The taxonomy is foundational. It names smells, describes how to see them, and prescribes how to fix them. It does not describe any particular tool.
The catalog¶
Ordered roughly by how much semantic reasoning the required judgment demands. Higher-numbered entries lean on mechanical signals; lower-numbered entries need reasoning a linter cannot do.

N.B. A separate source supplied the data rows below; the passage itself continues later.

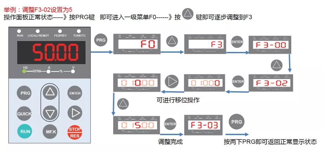 1 在三级菜单下,设置完参数按Enter键直接进入下一个功能码。在每一级菜单下,按PRG键即可返回上一级
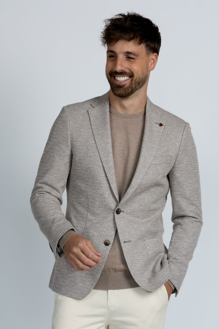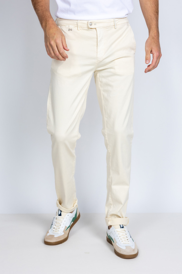 Chino met een knoop- en ritssluiting en lusjes in de band voor een ceintuur. Hij heeft steekzakken aan de voorkant, fake zakken aan de achterkant en stretch in de stof waardoor hij lekker draagt
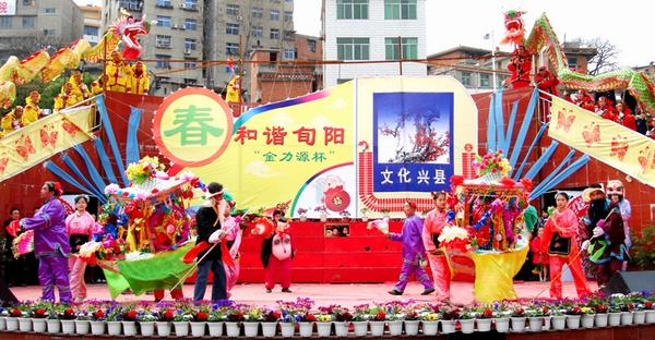 积极开展各种文艺调演活动。县上经常组织开展全县性的文艺调演活动,先后举办了旬阳青年歌手大奖赛、旬阳农民歌手大奖赛、旬阳校园歌手大奖赛、旬阳民歌大奖赛等活动。去年还举办了“太极城农民文化艺术节”,分东区、北区、南区三个片区预赛,最后在县城进行总决赛,全县28个乡镇全部组队参加,参与表演的民间艺人千余人。在艺术节上,评选产生了旬阳“十佳农民歌手”、“十佳乡村自乐班”、“十佳民间唢呐手”、“十佳民间曲艺节目”和“十佳演出奖”。与此同时,县上每年还要选调两个以上乡镇在县城举行动感乡村文艺展演活动。“和谐赵湾”、“魅力赤岩”、“走进棕溪”、“动感甘溪”、“双河飞歌”等乡镇专场文艺演出,异彩纷呈,好戏连台。以乡镇为单位组织开展的地方文艺演出活动更是遍地开花,铜钱关乡“竹文化节”、段家河镇“樱桃花开节”、张坪乡“牡丹花节”的相继举办足见旬阳乡村文化活动活跃之一斑。
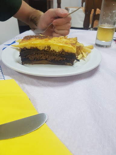 Read moreWe where driving with the scooter from the bottum point of the island to Pirgy when in the region of Kerkyra it started to rain heavily at 11pm. We stopped at the first restaurant to have diner and wait for the rain to stop. I had the Musaka and my girlfriend the puzza which where both good! After dinner we requested special raincoats because we still had a 45 min drive ahead on the scooter and it was still raining (garbage bag with holes cutouts haha). The people from the restaurant helped us cut the holes and took a pictures for us, then laught freindly and waved us goodbye in the rain! If the restaurant reads this, we came back home safely, and thank you so much for your help! It would have been so much worse without the bags!...
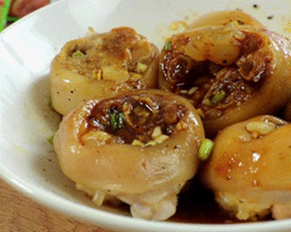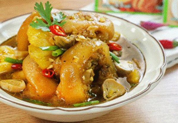 Món chân giò kho dứa thật đẹp mắt và hấp dẫn khi kết hợp khéo léo các loại trái cây vào thức ăn. Nhờ có những lát dứa chua nên những thớ thịt chân giò không bị khô mà rất mềm mượt, vừa miệng không hề bị ngấy vì cân bằng đủ cả vị ngọt lẫn vị chua. Món chân giò kho dứa ngon còn bởi thịt chân giò được nấu mềm rất thấm gia vị cùng với lớp nước thịt sánh lại rất hấp dẫn. Ngày lạnh, ăn cơm nóng với món chân giò kho dứa là tuyệt nhất đấy!
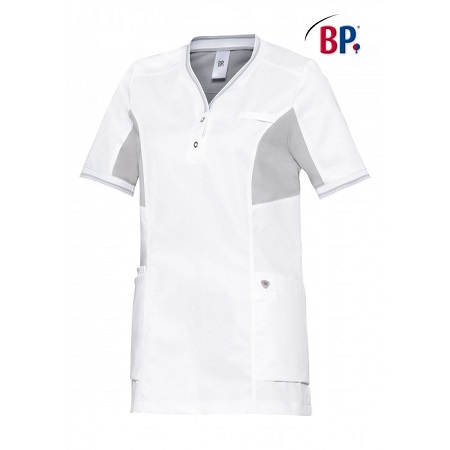1/2 mouw, maximale bewegingsvrijheid door piqué-inzetstukken, V-hals met twee drukknopen, 2 ruime zijzakken waarvan 1 met pieperzak, sleutellus, lus voor naambordje.
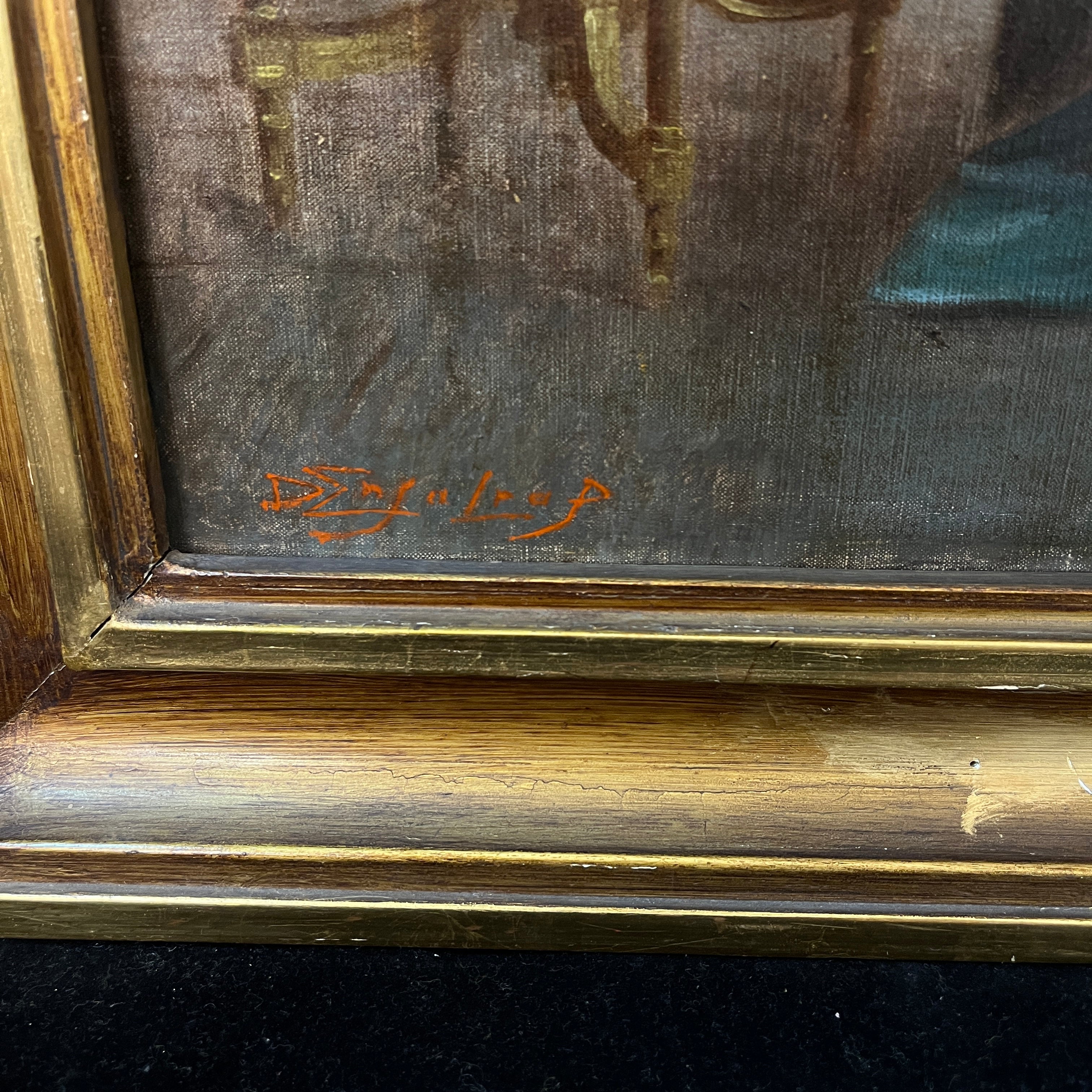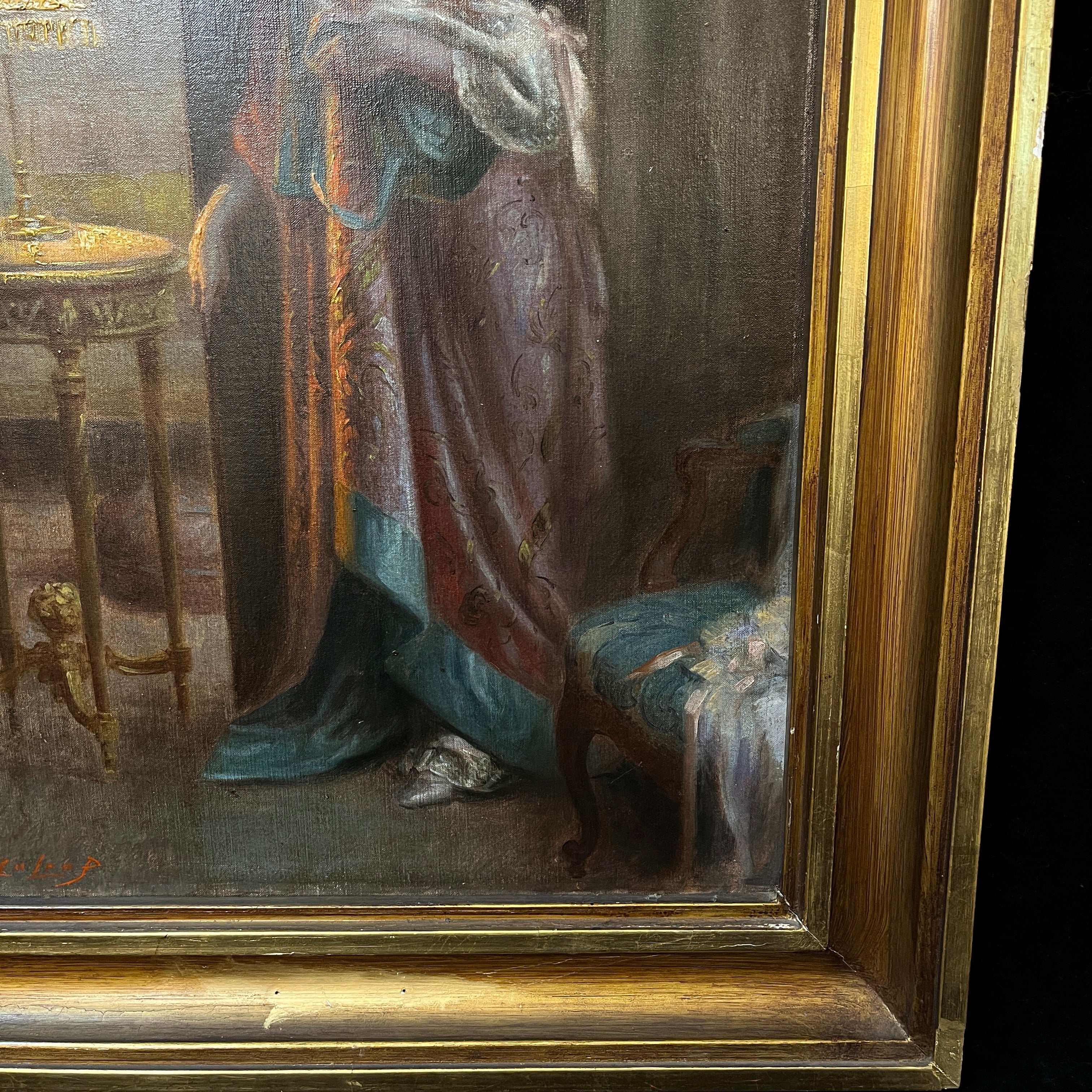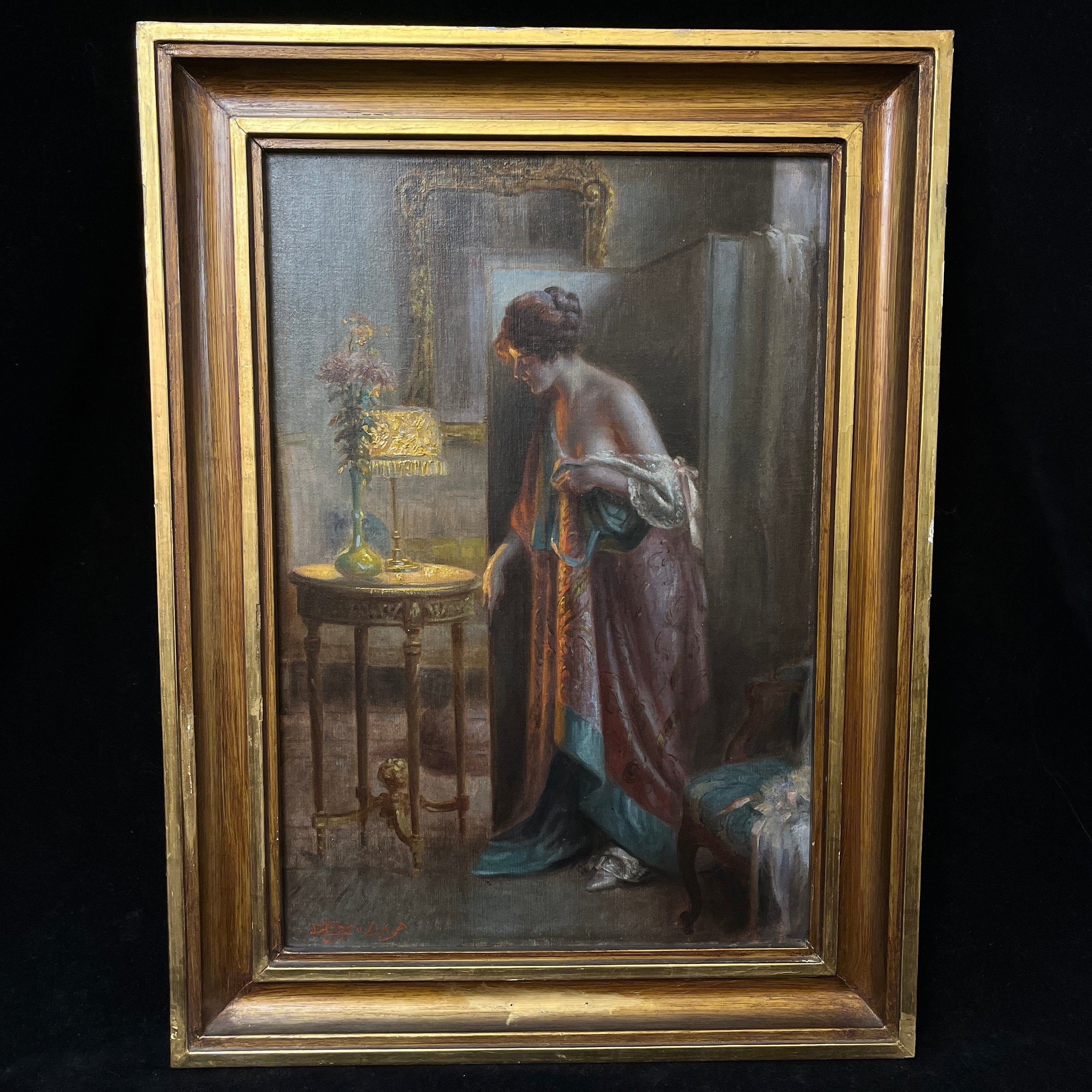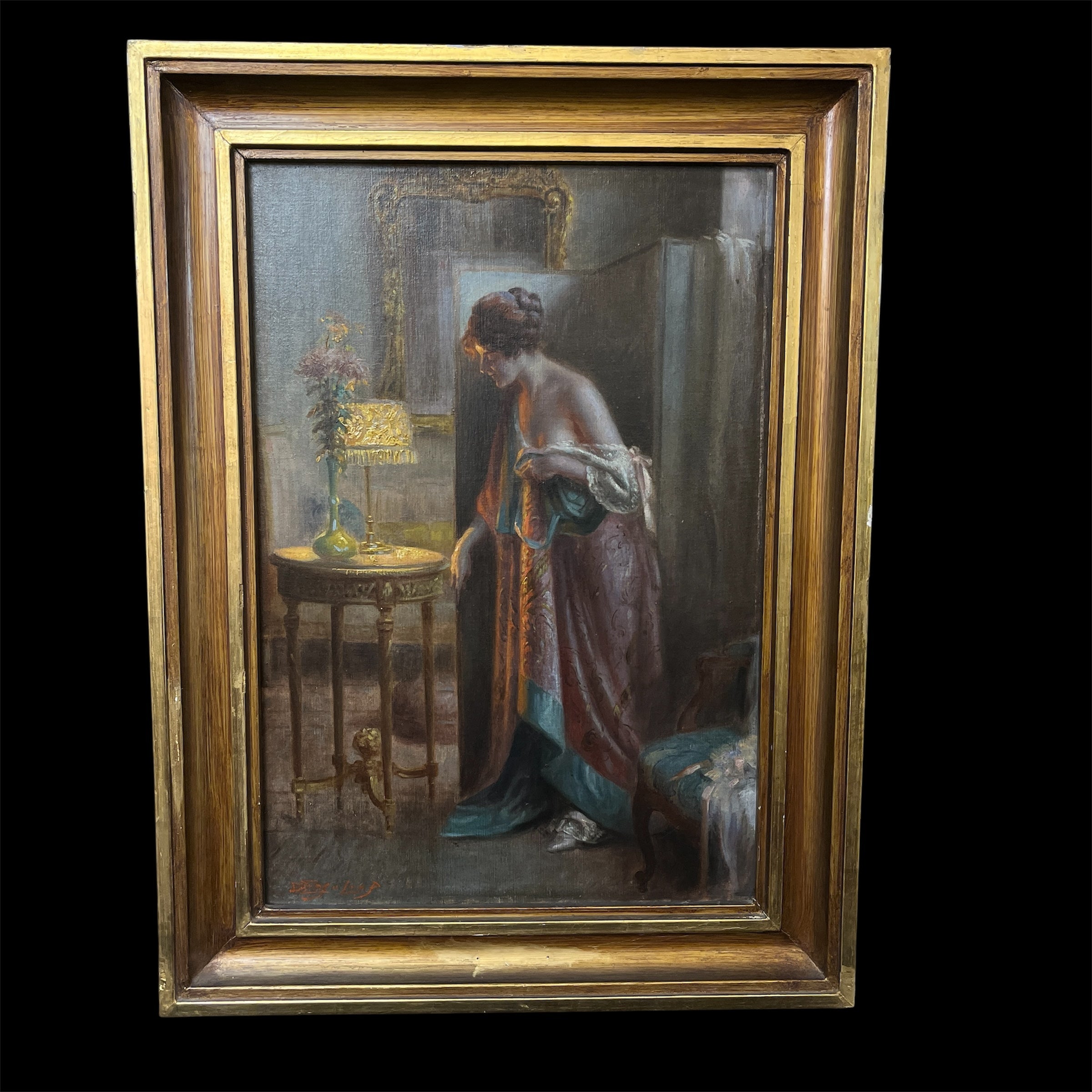 Hermoso óleo sobre tela del reconocido pintor francés Delphin Enjolras, maestro en capturar la luz y la atmósfera en escenas de interior. La obra retrata a una mujer que, con delicadeza, se acerca a una mesita de noche para encender o apagar una lámpara, en lo que parece ser un momento íntimo al levantarse de la cama. La cálida iluminación de la lámpara baña suavemente la escena, generando un juego sutil de luces y sombras que transmite serenidad, calidez y una profunda sensación de intimidad.
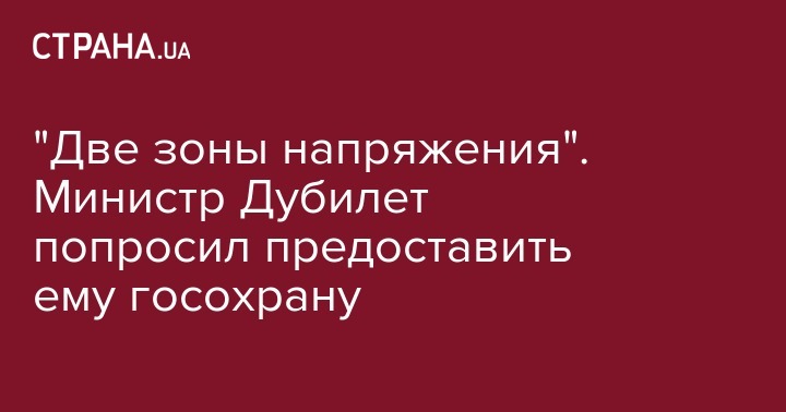 "Две зоны напряжения". Министр Дубилет попросил предоставить ему госохрану
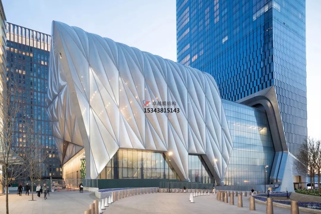 在哈德遜碼頭上,全新的跨界“棚屋”藝術(shù)中心(The Shed)于2019年4月5日對(duì)外開放。藝術(shù)中心由著名建筑公司 Diller Scofidio+Renfro 和 Rockwell 集團(tuán)合作設(shè)計(jì),打造了覆蓋著ETFE氣枕膜材料的120英尺的伸縮式外殼,能夠通過滾輪將建筑延伸至“棚屋”的戶外廣場(chǎng),營(yíng)造更開闊的半戶外空間,旨在創(chuàng)建世界上最具靈活性的文化機(jī)構(gòu)。
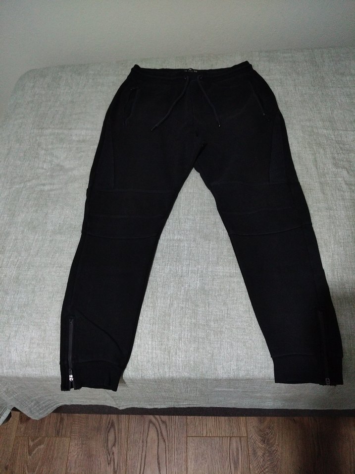 Fermuarlı paça detaylı, siyah renkli, yumuşak dokulu, dar kesim erkek outdoor eşofman, ürünün sadece cep fermuarları çalışmıyor
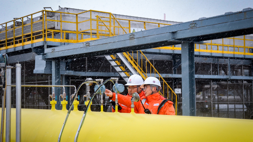 中联公司工作人员检查神安煤层气管道出站压力参数,夯实能源保供“底气”。受访者供图
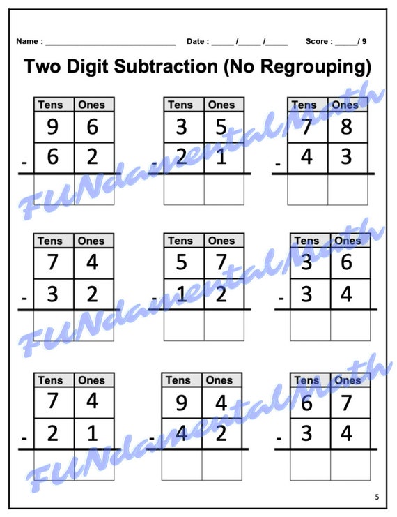 Math Subtraction with Regrouping, 2 Digit Subtraction Worksheet #1 There are two different ways of subtraction. Subtraction Without Regrouping. When subtracting, we subtract the smaller number from the larger number. While ...
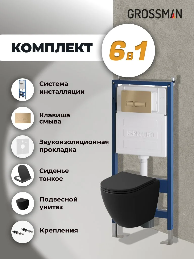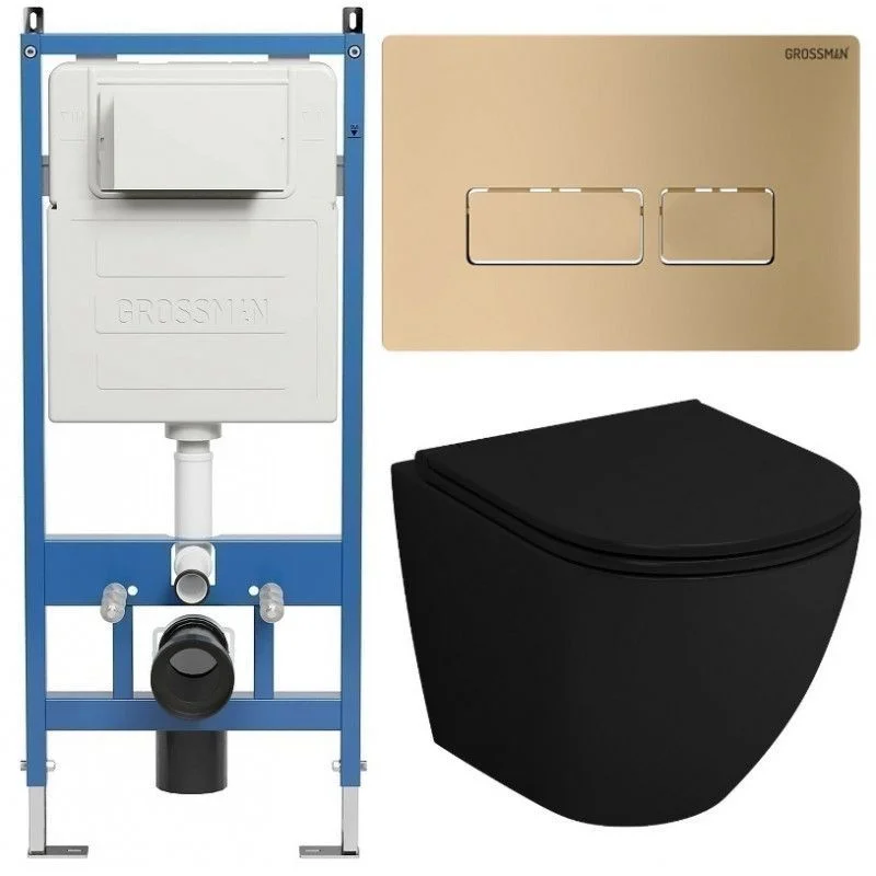 Комплект инсталляции GROSSMAN 900.K31.01.000 с клавишей смыва 700.K31.03.310.310 золото матовое и унитазом GROSSMAN GR-4455BMSQ арт.97.4455BMSQ.03.310
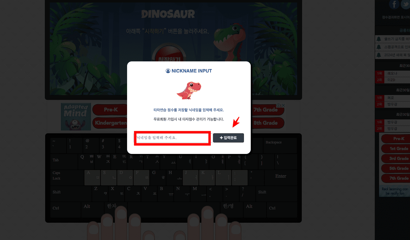 공룡타자연습 홈페이지에 도착하면 위와 같이 닉네임 입력화면이 나옵니다. 입력란에 닉네임을 입력하고 우측의 [입력완료] 버튼을 클릭합니다.
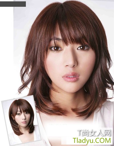 齐肩发型改变一下立即大不同,直直的发丝,轻盈的蓬松造型效果,深棕色的头发颜色,靓丽动感,小脸效果一流。

| # | Slug | Core move | Severity | Detection Scope |
|---|---|---|---|---|
| 1 | deliverable-fossils |
rename + regroup per product behavior | High | per-test, cross-suite |
| 2 | semantic-redundancy |
cluster, pick canonical, fold/delete the rest | High | cross-suite |
| 3 | wrong-level |
relocate to correct pyramid tier | Medium | cross-suite |
| 4 | naming-lies |
rename test or strengthen body to match the claim | Medium | per-test |
| 5 | vacuous-assertion |
strengthen the oracle | High | per-test |
| 6 | pseudo-tested |
add assertion that kills the no-op mutant | High | per-test |
| 7 | tautology-theatre |
delete or rewrite to exercise real SUT | Critical | per-test |
| 8 | over-specified-mock |
relax to behavior-relevant interaction only | High | per-test |
| 9 | implementation-coupled |
drive through public API instead | High | per-test |
| 10 | presentation-coupled |
parse then assert semantics, not formatting | Medium | per-test |
| 11 | conditional-logic |
split or pin the precondition | Medium | per-test |
| 12 | shared-state |
move setup to per-test factory / restore globals | Medium | per-file |
| 13 | mystery-guest |
inline a 1–3 line summary of relevant fixture shape | Low | per-test |
| 14 | rotten-green |
delete the empty/dead scaffold or add the missing assertion | Low | per-test |
| 15 | monolithic-test-file |
split file by behavior domain | Medium | per-file |
Severity is a relative-harm/safety hint: how bad the smell is for the suite, weighted by how safe the canonical fix is. Critical smells can usually be deleted outright because they were killing no mutants. Lower severities need transforms and correspondingly more reviewer attention. No severity is a mandate to act; it is input to prioritization.
Non-goals¶
These are covered by existing tooling. Where a linter, mutation tool, or codemod runner already does the work deterministically, this taxonomy defers.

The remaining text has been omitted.